Watching presentations at the StreamSets DataOps Summit I saw diagrams of massive data rationalization of the Department of Defense, SDK (pharmaceutical), and others. I'm struck that I've seen these diagrams for decades only the names have changed. The dream is to make sense out of chaos in data.

There was the Enterprise Data Model, a terrible idea because it couldn't be done. There was the Enterprise Data Warehouse, which was a scaled-down version of the EDM, but it hit the wall in terms of scale and cost and complexity but spent limited time thinking about value and analytics. A classic "build it and they will come” strategy. Master Data Management, another mega dream that rarely got past customer or product.  Then there was Hadoop, which turned out to be a file system but not a solution. Data Lakes, another dream to get everything in one place, that's where we are now. However, are they persistent, distributed, virtual?
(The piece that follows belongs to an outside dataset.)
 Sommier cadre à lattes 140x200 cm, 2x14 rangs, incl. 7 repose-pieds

One speaker, Kirk Borne of Booz Allen, admonished the audience to think big but start small. However, another presentation by two Booz Allen people described a mind-boggling effort to build an audit platform for DoD, which clearly did not start small. Mark Ramsey, formally of Chief Data Officer of pharmaceutical company GSK takes the same POV which is to think big and go big. Reflecting on it, I think the important part was the "think big." As the old Chinese proverb from the late, great data architect Laozi, "A journey of a thousand miles starts beneath one's feet." What we don’t know about these programs is how well they work, what still needs to be done, how much did (do) they cost vs. original estimates.

In trying to get a sense of the complexity of DataOps, I’ve used a graphic, courtesy of DataKitchen, to convey how many subprocesses and tools are needed. It gets to at a high level and shows the components of operations, governance, and agile data pipelines. This last one can get pretty complicated. The GSK model I was shown had over 10,000 pipelines, too many to create and manage by hand, so they developed agents to develop and maintain the pipelines. There were software products in the mix like Tamr, Hadoop, StreamSets, Spark, Kafka, and quite a few others to partition and order events. To be clear, GSK was not using DataKitchen.
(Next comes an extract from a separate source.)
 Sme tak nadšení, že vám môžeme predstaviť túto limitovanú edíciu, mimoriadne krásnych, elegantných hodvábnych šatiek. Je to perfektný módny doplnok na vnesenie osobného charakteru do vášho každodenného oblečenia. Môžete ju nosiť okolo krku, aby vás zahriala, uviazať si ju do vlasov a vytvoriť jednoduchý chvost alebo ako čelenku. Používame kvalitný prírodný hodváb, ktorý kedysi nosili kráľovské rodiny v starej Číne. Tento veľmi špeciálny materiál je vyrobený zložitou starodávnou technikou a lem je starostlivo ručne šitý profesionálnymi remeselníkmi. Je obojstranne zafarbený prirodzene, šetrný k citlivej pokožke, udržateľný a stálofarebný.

When you consider the fact that every object in this diagram represents multi, if not hundreds of instances and not depicted is that there is often more than one site in today's hybrid cloud world, the green boxes are masked complexity, for the purpose of illustration, but the whole point of DataOps is to provide revealed complexity for those “data customers” in the upper right corner. This is the weakness I see in DataOps today. Just like data warehousing before it, the "users" are always stick-figures on the right side without any direction how they are served.

I’m disappointed that I don’t hear more about how semantics are generated to make it useful. I guess that's magic. It's all technical — pipelines, parsing, tagging, ingesting. Kirk Borne talks about value and metadata and even ontology (or that may have been someone else), but no detail is given how these are created. I know that's it's possible to create a knowledge graph from multiple sources, but it's still limited by what a model can infer from column names and maybe data instances themselves, but I haven't seen how this can be done with object stores and semi-structured data. I’ve seen catalogs that are rich and useful for the technical operation of the system, or to stage datasets for analysis, but not enough information about the meaning of the data. This is a DataOps necessity.

What are we trying to do with DataOps?

  • Deliver value efficiently and effectively
  • Remove fragility and friction
  • See something say something (presupposes you can navigate through the system)
  • Promote cognitive thinking. Find the question in the data
  • Avoid Right Test Wrong Model (Kirk Borne tells a colorful story about how the first mirror for the Hubble telescope passed tests but didn't work)
  • Data drift, which comes from rapid change in apps
  • Data structures change
  • Semantics drift

My take

The bottom line is - to make it simple takes a lot of complication, a false oxymoron just like the inimitable Dolly Parton’s quip.